Учение гордых букашек
Шрифт:
— Ты дурня не валяй. Я пьяный был, признаю, но многое слышал. Капитан же шептался с тобой про топи. Расскажи, ну, охота послушать, чего тебе там?
— Топи. Расскажу, здоровяк, расскажу. Зайду с краю. Все знают, что и Восточному и Западному королевству полсотни лет, а знаете…
Осберт перебил его:
— Вот я не пойму, ну нашли вы двух детей с мертвой матерью королевой, ну не знаете, кто первенец, так выберете кого-то!

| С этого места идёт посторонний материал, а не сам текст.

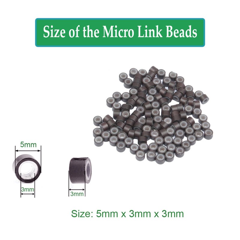 JFFX Microlinks Hair Extensions Tools Kit Plier - Pulling Hook - Bead Device with 200 Pieces 5mm Silicone Lined Micro Rings for Hair Styling Tools Accessory (Dark Brown Beads)
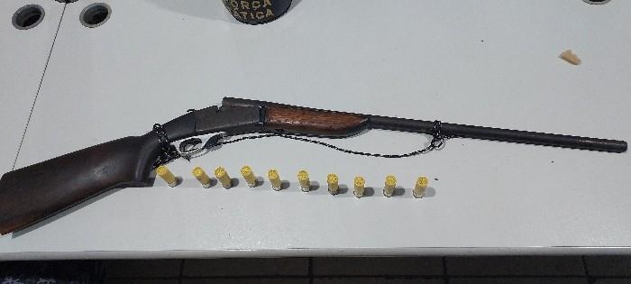 Durante a verificação, o detido relatou ter vendido os objetos a um comerciante da região. A equipe deslocou-se até o endereço indicado, onde o comerciante afirmou ter entregue a arma a um conhecido após saber que buscas já haviam sido feitas na residência do suspeito. Em continuidade às diligências, a guarnição localizou a espingarda calibre 20 e 10 munições, escondidas aos fundos de outra residência.
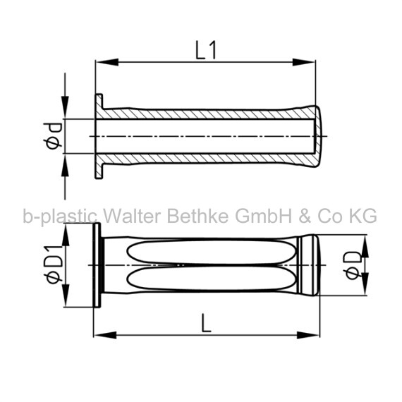 Tapered handle with border made of elasticated TPE
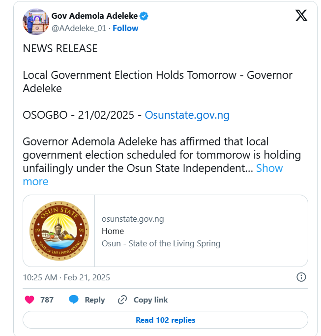 The Osun State Governor, Ademola Adeleke, has insisted that the local government elections scheduled for Saturday will hold.
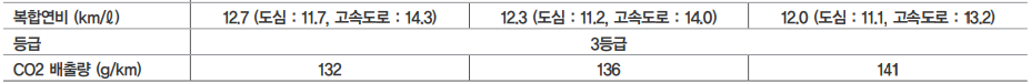 연비도 함께 알아보겠습니다. 아래는 트랙스 크로스오버의 연비표입니다.
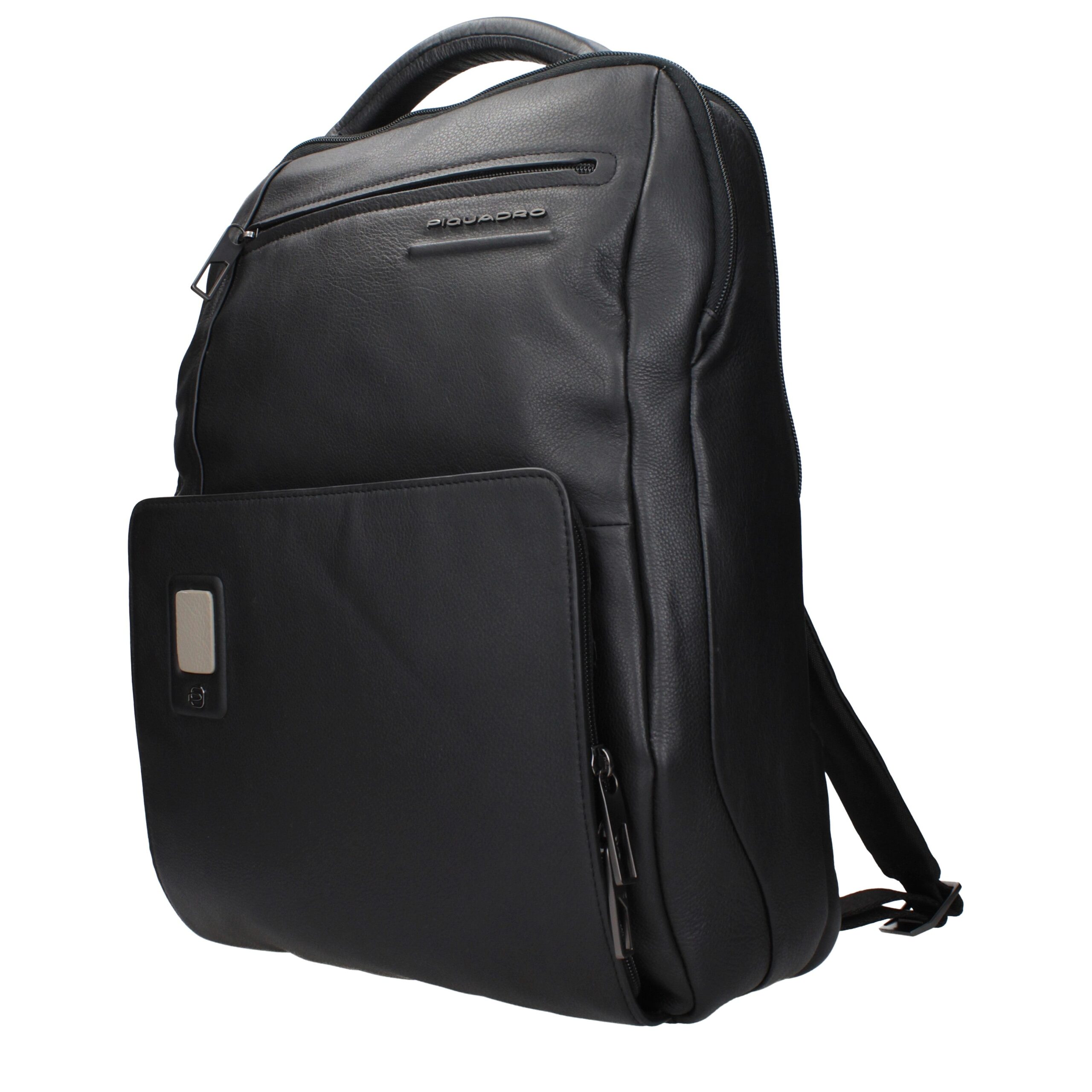 из кожи черного цвета представляет собой рюкзак и поясную сумку, разработанную Piquadro . Оно имеет такие особенности, как логотип спереди, регулируемые ремни сзади, а также чехлы для iPad/ПК .
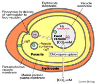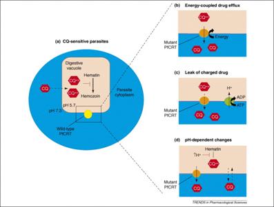 Kết quả cho biết sốt rét Plasmodium vivax kháng với CQ được báo cáo đầu tiên cách nay 12 năm và gần 30 năm sau nhận ra P. falciparum kháng CQ. Giờ đây, mất hiệu lực CQ đã cho thấy một vấn đề nghiêm trọng trong khâu sự phòng và điều trị bệnh này. Sự đột biến trong protein không bào tiêu hóa đã được mã hóa bởi một 13-exon gene, pfcrt chỉ ra gần đây về vai trò trung tâm đối với kháng thuốc CQ của P. falciparum. Có sự đột biến hay không trong pfcrt orthologues của các loài Plasmodium khác liên quan đến kháng CQ vẫn còn là câu hỏi mở. Báo cáo này mô tả pfcrt homologues từ P. vivax, P. knowlesi, P. berghei và Dictyostelium discoideum. Synteny giữa các gen P. falciparum và P. vivax đã được chỉ ra. Tuy nhiên, một nghiên cứu trên các phân lập bệnh nhân và các dòng (line) thích nghi với khỉ cho thấy không có mối liên quan nào trên in vivo CQR và đột biến codon trong gen của P. vivax. Đây là bằng chứng mà các dữ kiện phân tử về kháng CQ do P. vivax khác với trên P. falciparum.
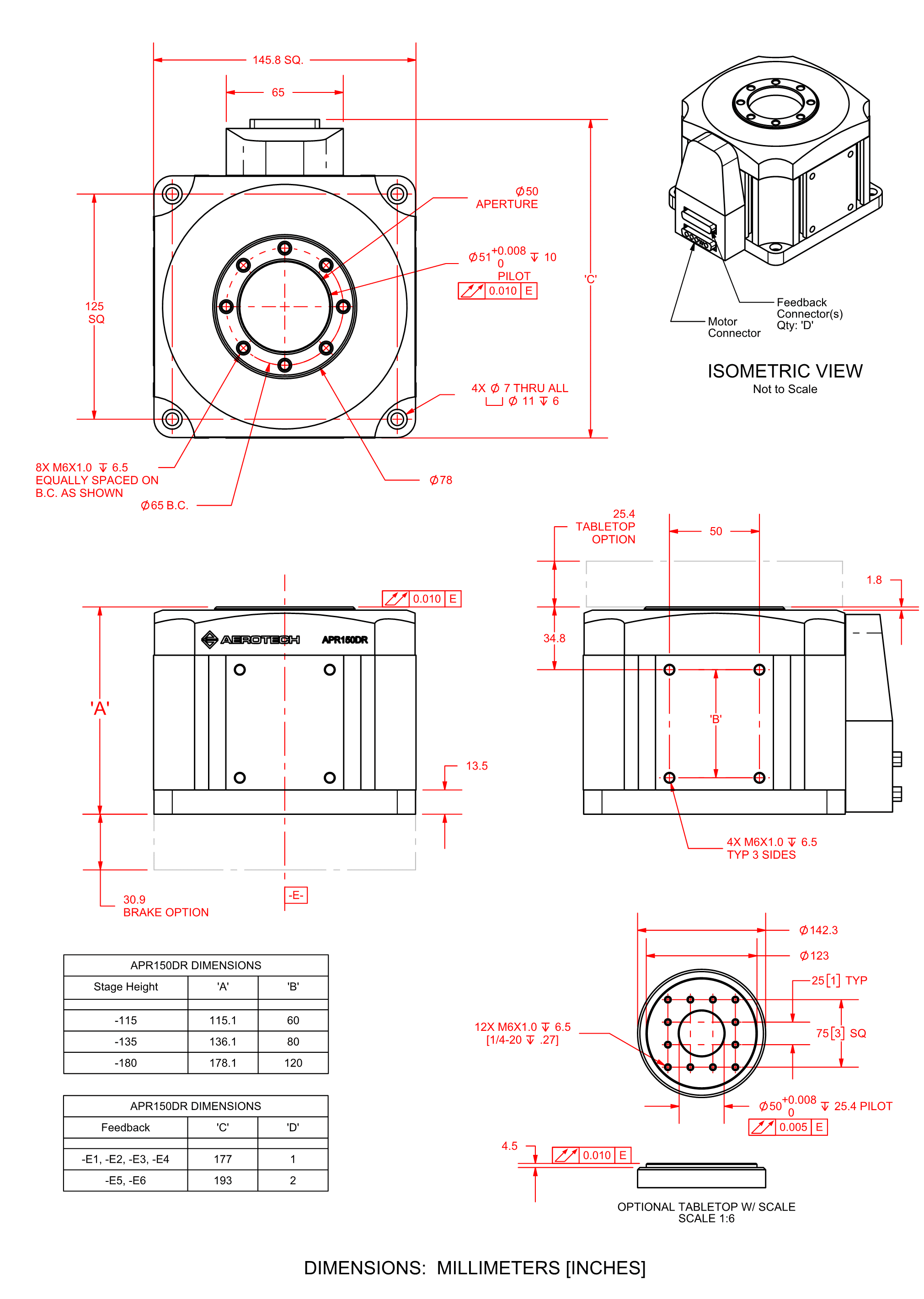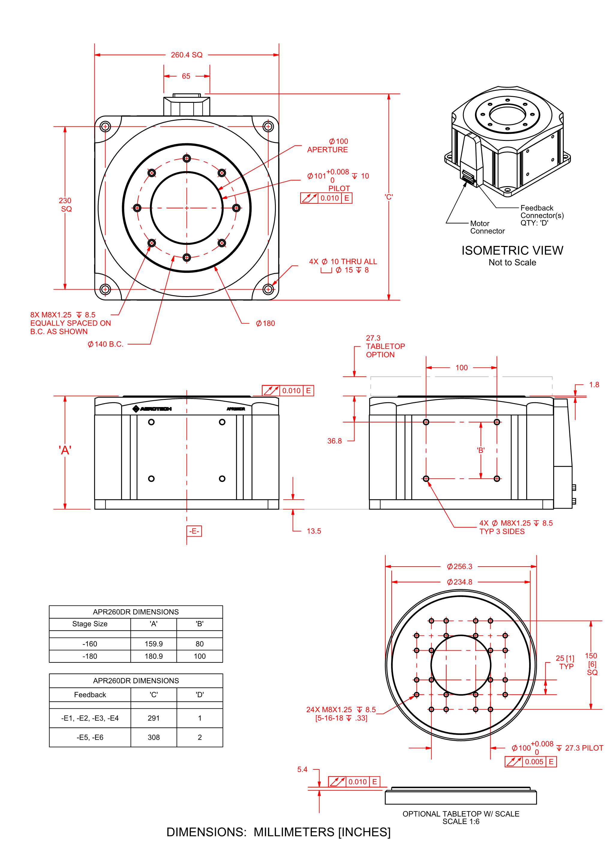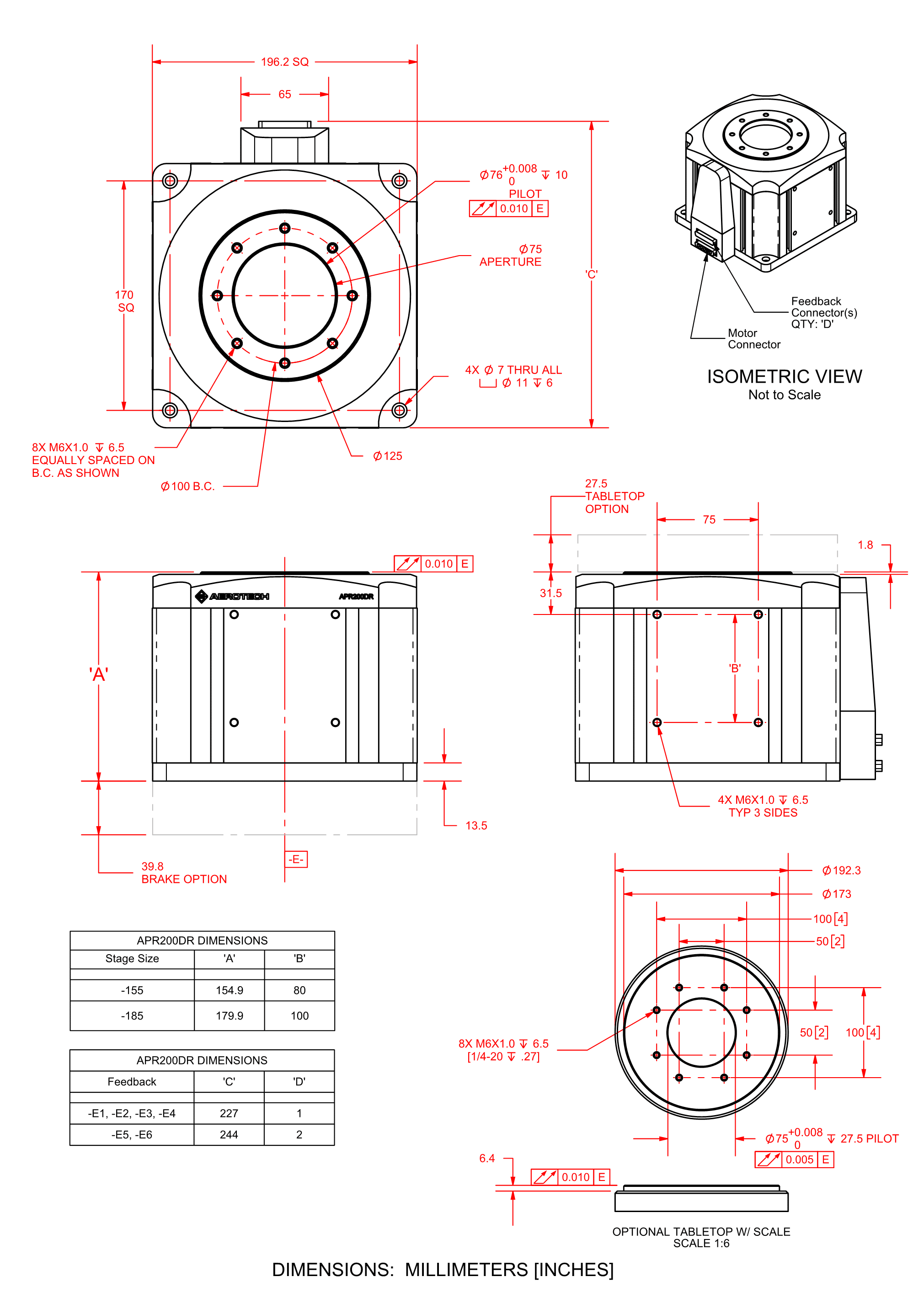 | -E6 | High-accuracy incremental encoder, Digital RS422, x10000 interpolation (APR150DR, APR200DR, APR260DR); x8000 interpolation (APR100DR) |
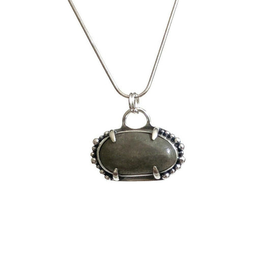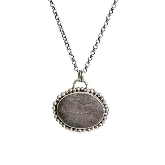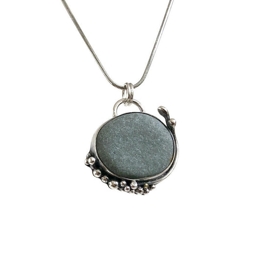 Sterling Silver and Oval Beach Stone Pendant with Granulation

Иордан, Рарг, какая разница, зачем королевство разделили, остолопы!
— Раньше чтили
— Ничего, — сказал Писарь. — Никто не знает, сколько на самом деле лет было единому королевству. Старейшим историческим записям, записям о правлении королей лишь четыре века. Но писать люди умели гораздо раньше. Сохранилось древнейшие чертежи, рецепты, сказки, стихи, но ничего о настоящем прошлом.
— Так может, и не было тогда королевства? — спросил Осберт.
— Думаю было, но историю уничтожили. Кто-то долго истреблял из нашей памяти прошлое, и преуспел. Старики умерли со своими рассказами, а все что записывали дети, сожгли.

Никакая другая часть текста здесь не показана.